- Prompt -
Retype nothing except the lines below from the one with "Figure 9. Schematic" through the one with "Geometrik Desenli 90X90", exactly, with images left out.

- The input -

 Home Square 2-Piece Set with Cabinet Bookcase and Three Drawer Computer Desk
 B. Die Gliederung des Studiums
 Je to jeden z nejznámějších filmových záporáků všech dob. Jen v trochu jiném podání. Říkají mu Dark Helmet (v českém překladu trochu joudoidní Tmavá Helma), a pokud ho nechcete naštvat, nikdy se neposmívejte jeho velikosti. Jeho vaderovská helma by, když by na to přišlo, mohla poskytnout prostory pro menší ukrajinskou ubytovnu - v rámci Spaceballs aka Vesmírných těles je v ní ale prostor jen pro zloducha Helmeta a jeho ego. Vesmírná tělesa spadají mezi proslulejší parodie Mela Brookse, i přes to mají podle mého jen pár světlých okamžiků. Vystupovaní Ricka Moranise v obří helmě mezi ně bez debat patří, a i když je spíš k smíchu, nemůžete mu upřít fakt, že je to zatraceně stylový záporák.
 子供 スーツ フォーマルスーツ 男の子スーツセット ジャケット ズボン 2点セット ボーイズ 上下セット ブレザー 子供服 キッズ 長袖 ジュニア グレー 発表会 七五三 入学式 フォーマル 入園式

* * *

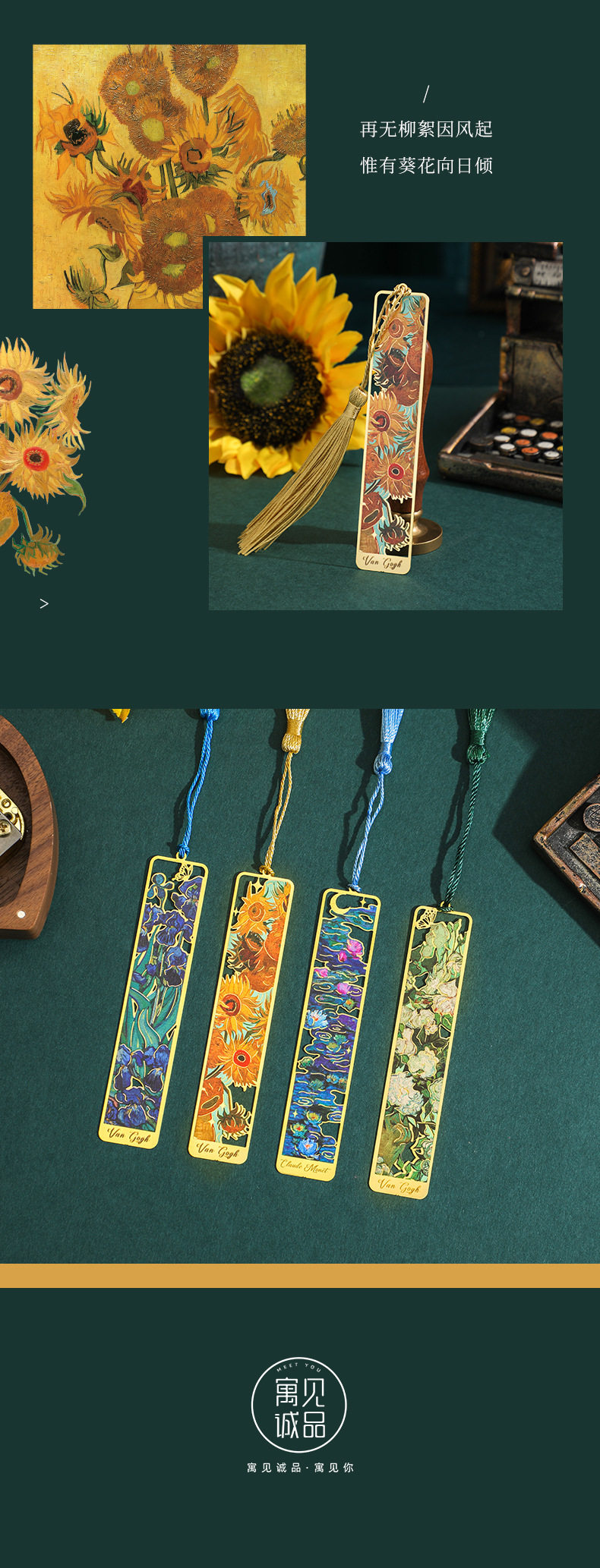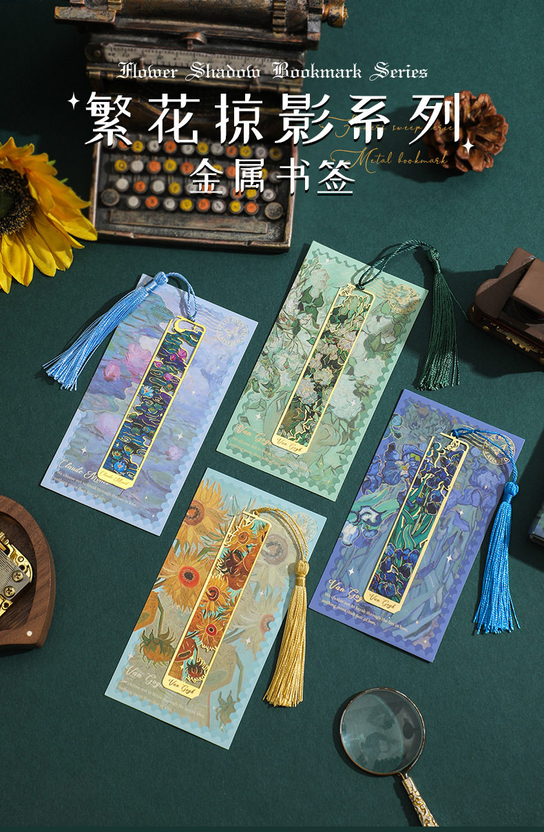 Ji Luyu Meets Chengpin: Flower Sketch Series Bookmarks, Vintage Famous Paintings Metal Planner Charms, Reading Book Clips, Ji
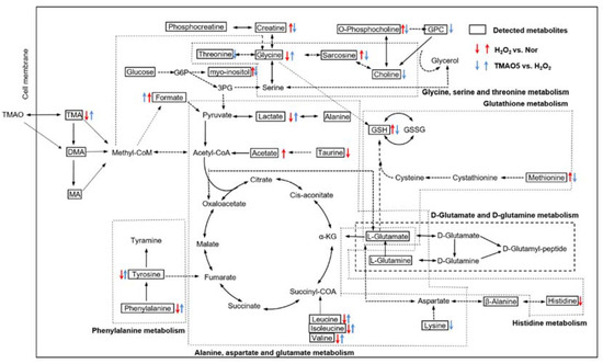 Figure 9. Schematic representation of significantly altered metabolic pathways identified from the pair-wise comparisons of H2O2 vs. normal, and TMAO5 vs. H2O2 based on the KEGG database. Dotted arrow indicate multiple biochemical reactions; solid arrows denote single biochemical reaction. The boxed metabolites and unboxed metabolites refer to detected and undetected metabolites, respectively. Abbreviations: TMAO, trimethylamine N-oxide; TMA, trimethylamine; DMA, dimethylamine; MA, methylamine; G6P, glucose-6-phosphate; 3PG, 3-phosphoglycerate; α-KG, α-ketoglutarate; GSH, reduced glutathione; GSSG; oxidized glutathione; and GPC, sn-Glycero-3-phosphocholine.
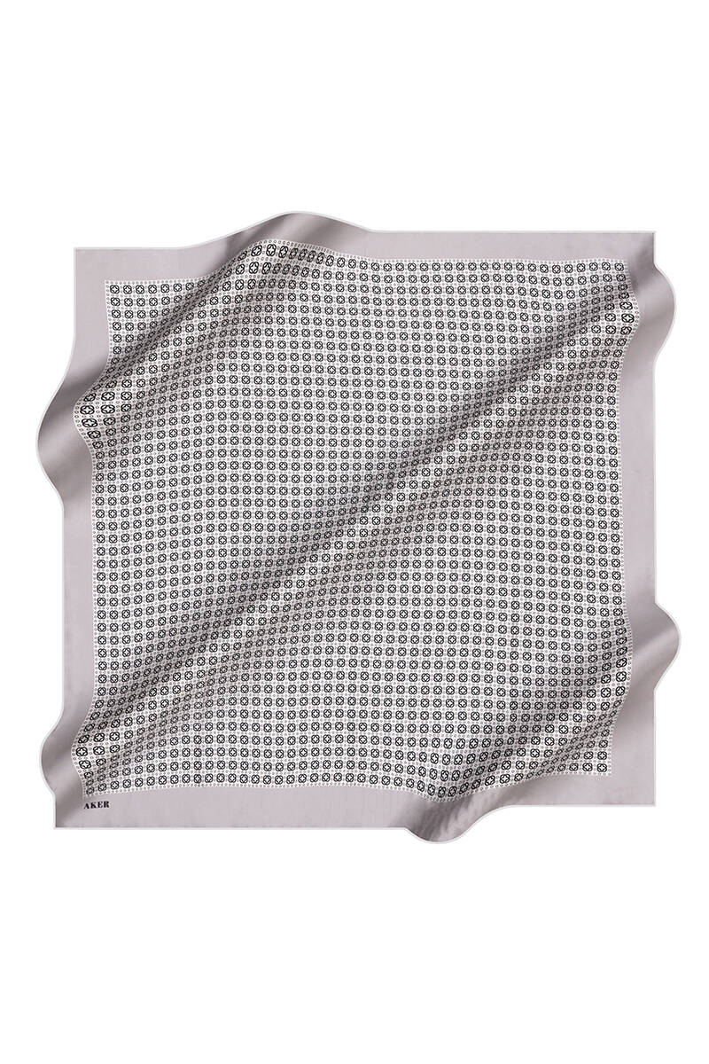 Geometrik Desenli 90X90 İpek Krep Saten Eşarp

- Task result -
 Figure 9. Schematic representation of significantly altered metabolic pathways identified from the pair-wise comparisons of H2O2 vs. normal, and TMAO5 vs. H2O2 based on the KEGG database. Dotted arrow indicate multiple biochemical reactions; solid arrows denote single biochemical reaction. The boxed metabolites and unboxed metabolites refer to detected and undetected metabolites, respectively. Abbreviations: TMAO, trimethylamine N-oxide; TMA, trimethylamine; DMA, dimethylamine; MA, methylamine; G6P, glucose-6-phosphate; 3PG, 3-phosphoglycerate; α-KG, α-ketoglutarate; GSH, reduced glutathione; GSSG; oxidized glutathione; and GPC, sn-Glycero-3-phosphocholine.
 Geometrik Desenli 90X90 İpek Krep Saten Eşarp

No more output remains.